**Problem requirements**. Reproduce only what runs from the line containing "Fototapetak Virágos művészet" to the line containing "Trabajos de Vialidad" in the records below, inclusive. Keep it exact, and keep the pictures out.

**Extracted information**.
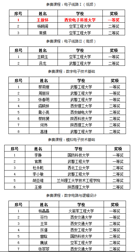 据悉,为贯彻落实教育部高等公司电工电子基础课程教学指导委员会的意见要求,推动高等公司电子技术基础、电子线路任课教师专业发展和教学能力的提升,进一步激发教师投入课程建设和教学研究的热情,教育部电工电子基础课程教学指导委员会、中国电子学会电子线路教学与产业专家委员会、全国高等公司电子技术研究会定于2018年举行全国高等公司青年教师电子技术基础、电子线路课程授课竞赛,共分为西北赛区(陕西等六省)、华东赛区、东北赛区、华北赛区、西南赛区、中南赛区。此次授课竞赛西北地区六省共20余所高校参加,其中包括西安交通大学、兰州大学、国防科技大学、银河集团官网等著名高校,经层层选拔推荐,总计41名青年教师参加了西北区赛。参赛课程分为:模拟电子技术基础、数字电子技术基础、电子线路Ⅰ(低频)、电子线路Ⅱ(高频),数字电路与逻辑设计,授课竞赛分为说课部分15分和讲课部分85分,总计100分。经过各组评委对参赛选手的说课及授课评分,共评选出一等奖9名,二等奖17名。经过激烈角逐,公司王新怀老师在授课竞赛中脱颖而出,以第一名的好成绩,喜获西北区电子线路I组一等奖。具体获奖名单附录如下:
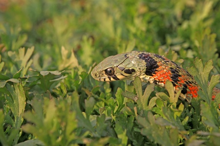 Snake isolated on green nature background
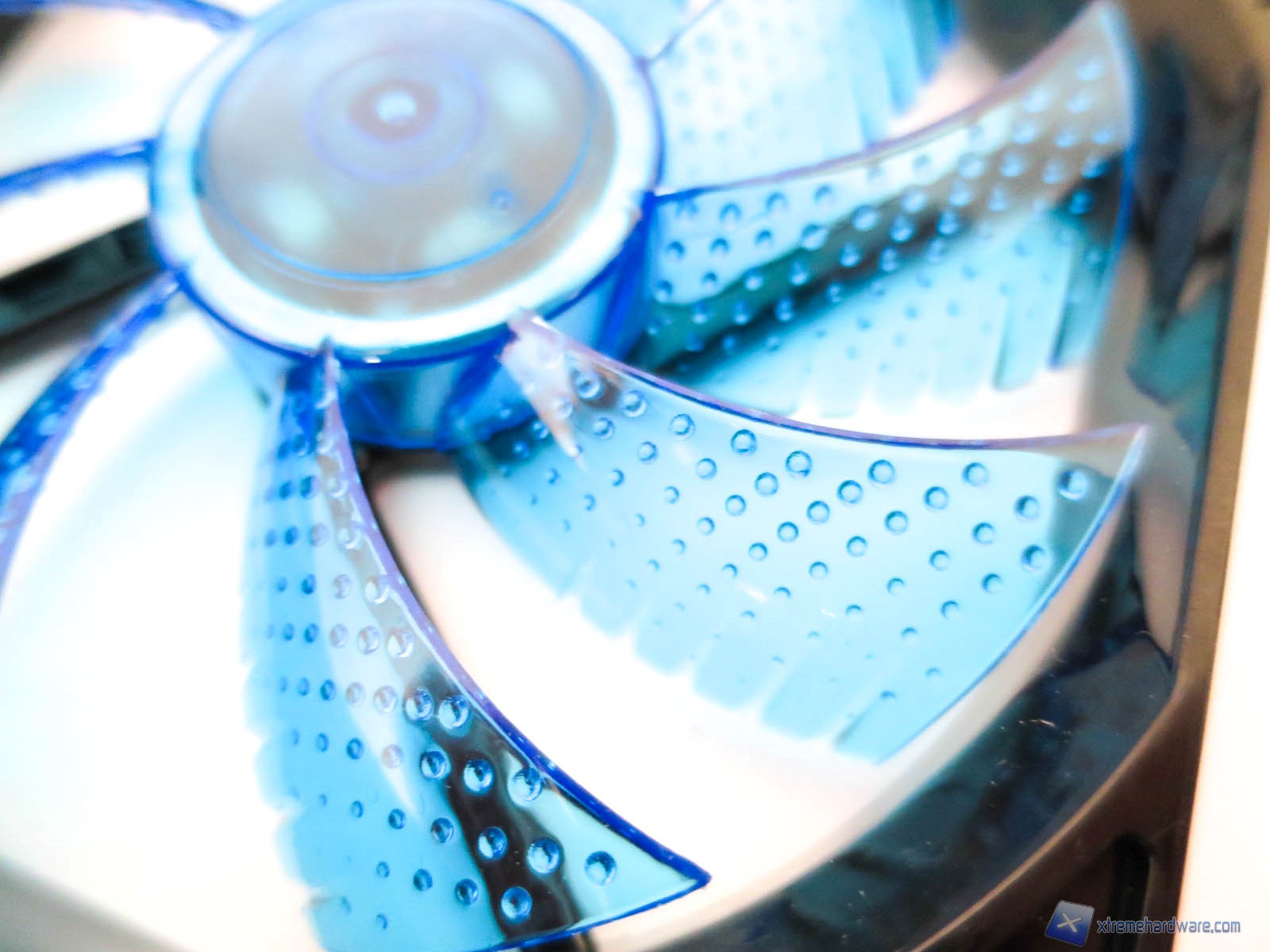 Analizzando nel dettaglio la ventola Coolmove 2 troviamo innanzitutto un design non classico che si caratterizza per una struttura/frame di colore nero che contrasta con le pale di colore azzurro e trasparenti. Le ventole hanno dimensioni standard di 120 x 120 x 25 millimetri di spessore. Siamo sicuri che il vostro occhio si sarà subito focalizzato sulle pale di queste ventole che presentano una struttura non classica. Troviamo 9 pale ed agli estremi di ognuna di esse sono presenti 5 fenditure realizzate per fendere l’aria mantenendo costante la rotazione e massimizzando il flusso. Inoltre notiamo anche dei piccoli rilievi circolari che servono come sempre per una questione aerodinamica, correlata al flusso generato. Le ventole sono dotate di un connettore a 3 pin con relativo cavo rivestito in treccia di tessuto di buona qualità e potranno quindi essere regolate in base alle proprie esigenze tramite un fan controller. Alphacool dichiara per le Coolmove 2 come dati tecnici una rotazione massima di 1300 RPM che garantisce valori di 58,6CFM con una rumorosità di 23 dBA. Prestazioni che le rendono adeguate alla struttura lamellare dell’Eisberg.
==
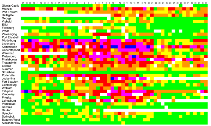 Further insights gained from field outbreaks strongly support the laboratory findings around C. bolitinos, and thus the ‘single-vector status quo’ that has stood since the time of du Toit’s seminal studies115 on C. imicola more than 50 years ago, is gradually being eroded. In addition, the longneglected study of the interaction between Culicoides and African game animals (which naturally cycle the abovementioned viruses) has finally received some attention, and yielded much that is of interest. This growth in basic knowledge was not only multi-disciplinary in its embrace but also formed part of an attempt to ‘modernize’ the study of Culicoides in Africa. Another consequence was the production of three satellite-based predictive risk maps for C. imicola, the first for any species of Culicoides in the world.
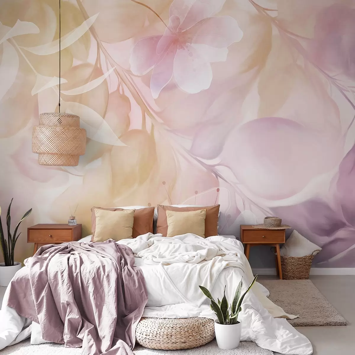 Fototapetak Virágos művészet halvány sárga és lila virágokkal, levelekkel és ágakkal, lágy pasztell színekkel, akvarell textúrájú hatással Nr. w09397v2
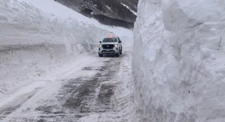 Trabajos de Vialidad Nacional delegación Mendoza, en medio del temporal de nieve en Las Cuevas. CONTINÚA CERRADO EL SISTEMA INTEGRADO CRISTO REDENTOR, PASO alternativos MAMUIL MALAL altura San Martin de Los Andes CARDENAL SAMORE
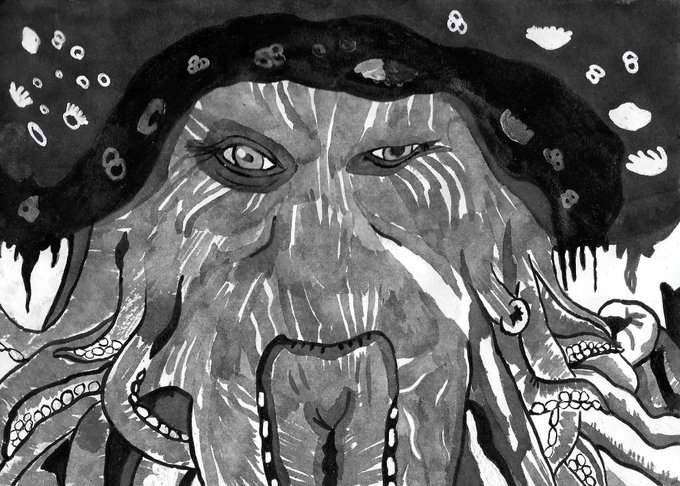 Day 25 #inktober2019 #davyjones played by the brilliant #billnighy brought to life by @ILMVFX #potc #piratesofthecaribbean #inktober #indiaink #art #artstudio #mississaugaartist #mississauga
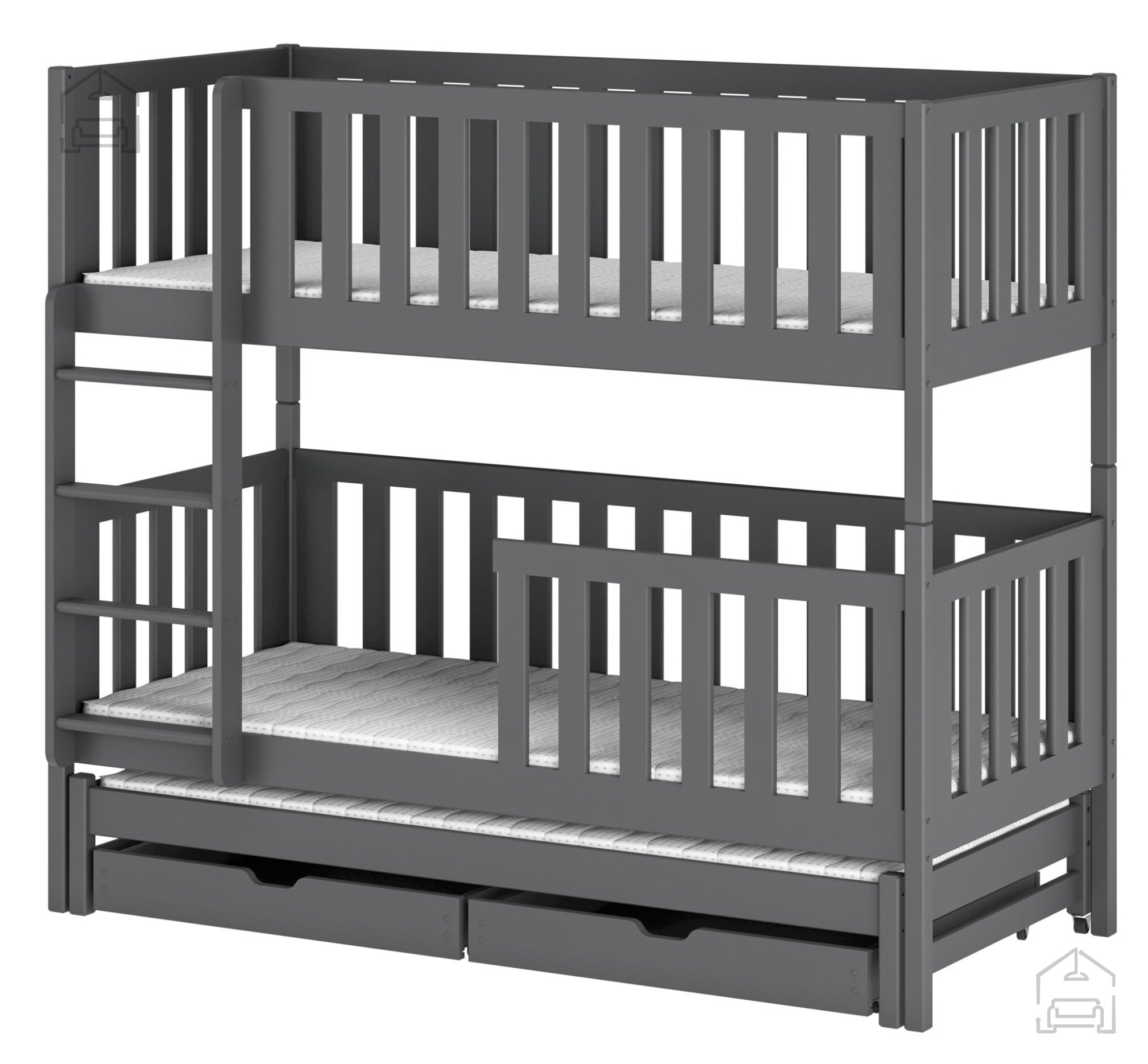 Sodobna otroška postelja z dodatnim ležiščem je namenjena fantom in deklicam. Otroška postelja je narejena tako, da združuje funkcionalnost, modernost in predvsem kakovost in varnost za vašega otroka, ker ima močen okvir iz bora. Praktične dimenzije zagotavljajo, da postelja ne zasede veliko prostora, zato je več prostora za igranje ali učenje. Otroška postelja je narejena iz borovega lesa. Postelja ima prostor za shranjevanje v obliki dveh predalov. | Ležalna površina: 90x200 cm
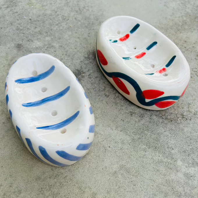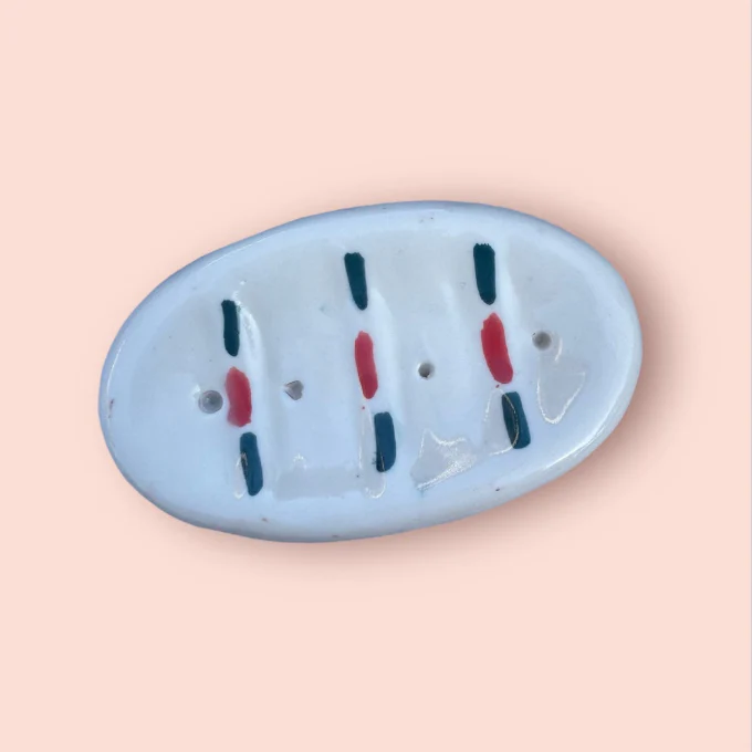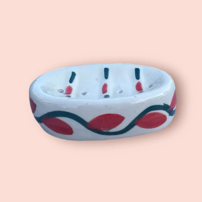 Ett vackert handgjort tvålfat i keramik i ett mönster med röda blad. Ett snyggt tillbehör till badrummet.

**Response**.
 Fototapetak Virágos művészet halvány sárga és lila virágokkal, levelekkel és ágakkal, lágy pasztell színekkel, akvarell textúrájú hatással Nr. w09397v2
 Trabajos de Vialidad Nacional delegación Mendoza, en medio del temporal de nieve en Las Cuevas. CONTINÚA CERRADO EL SISTEMA INTEGRADO CRISTO REDENTOR, PASO alternativos MAMUIL MALAL altura San Martin de Los Andes CARDENAL SAMORE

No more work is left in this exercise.